Recently, two important orders were passed concerning and relating to India TV, along with its chairman and editor-in-chief, Rajat Sharma. These rulings are significant for affirming the proprietary rights of news entities and the personal rights / protection of dignity of personalities. These decisions highlight the judiciary’s role in balancing the protection of individual personality rights, protection of dignity, and protection of proprietary rights with the fundamental right to freedom of speech.

  1. Independent News Service Private Ltd v. Ravindra Kumar Choudhary[i] (access link)

On 30th May 2024, the Delhi High Court issued an injunction against Mr. Ravindra Kumar Choudhary, a self proclaimed satirist. He had published various video and audio content on social media platforms parodying the India TV channel and its show “Aap Ki Adalat“.

The plaintiffs operating the news channel “INDIA TV” and holding registered trademarks for both “INDIA TV” and “AAP KI ADALAT“, had sought this injunction. The chairman and editor in chief of India TV, Rajat Sharma, raised concerns over Choudhary’s production and dissemination of content under the mark/logo “Baap Ki Adalat“, arguing that it closely resembled their own and caused public confusion, thereby infringing on their intellectual property rights.

The Court prevented the defendant from using the photos, videos, or name of the renowned journalist Rajat Sharma, in any capacity, including as a trademark, logo, trading style, domain name, social media post, or audio-video content, aiming to protect the personality rights of Rajat Sharma.

The Court also directed Choudhary to remove and refrain from using the names ‘Jhandiya TV’ and ‘Baap Ki Adalat‘, which were found to be deceptively similar to Sharma’s established news channel, India TV, and the widely popular show called ‘Aap Ki Adalat‘, in order to protect statutory and common law rights of the plaintiff.

In my opinion, even though the term ‘Jhandiya TV’ may seem like it was used in a satirical context, warranting protection under freedom of speech, a visual look at the manner in which this term was used, along with the design, makes it very easy to conclude that the intention of the creator was to deceive his viewers. The logos are extremely similar, if not almost same, and it is a fit case for injunction. The logo was as below:

However, in my opinion, to restrain the defendant from using the word “Baap Ki Adalat” as a parody seems a bit extreme. The term could be considered as an exercise of free speech. There may be adverse effects of this order, giving reason for various companies or personalities to restrict the freedom of speech of various online creators, who try to create satire and parodies in order to express themselves and their opinions.
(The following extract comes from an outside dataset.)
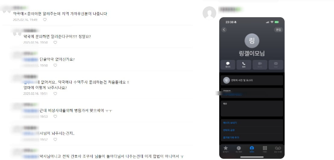 댓글에는 이른바 '링거 이모'로 추정되는 연락처가 공유되기도 했다. 일부 이용자들은 "약국에 문의하면 알려준다. 지역 가까운 분이 와서 놔준다. 약사가 시술하는 건 아니고 전직 간호사·간호조무사들이 놓아준다"고 적어 불법 시술이 구조적으로 이어지고 있음을 시사했다.

  1. Rajat Sharma v. X Corp (Formerly Twitter)[ii] (judgement)

On 14th June, 2024, the Delhi High Court granted an ex-parte ad interim injunction and ordered certain videos and tweets to be removed from social media which were tarnishing the reputation of Rajat Sharma, while remarking that individual dignity and honour of a person cannot be allowed to be disreputed or defamed on the ground of right of free speech and expression.


The series of events leading to the filing of the lawsuit began on June 4, 2024, during a live debate on India TV, anchored by the plaintiff, discussing the results of the Lok Sabha General Election, 2024. The defendant had expressed her views on the election results during this debate but did not object to any language used by Sharma or any other anchors.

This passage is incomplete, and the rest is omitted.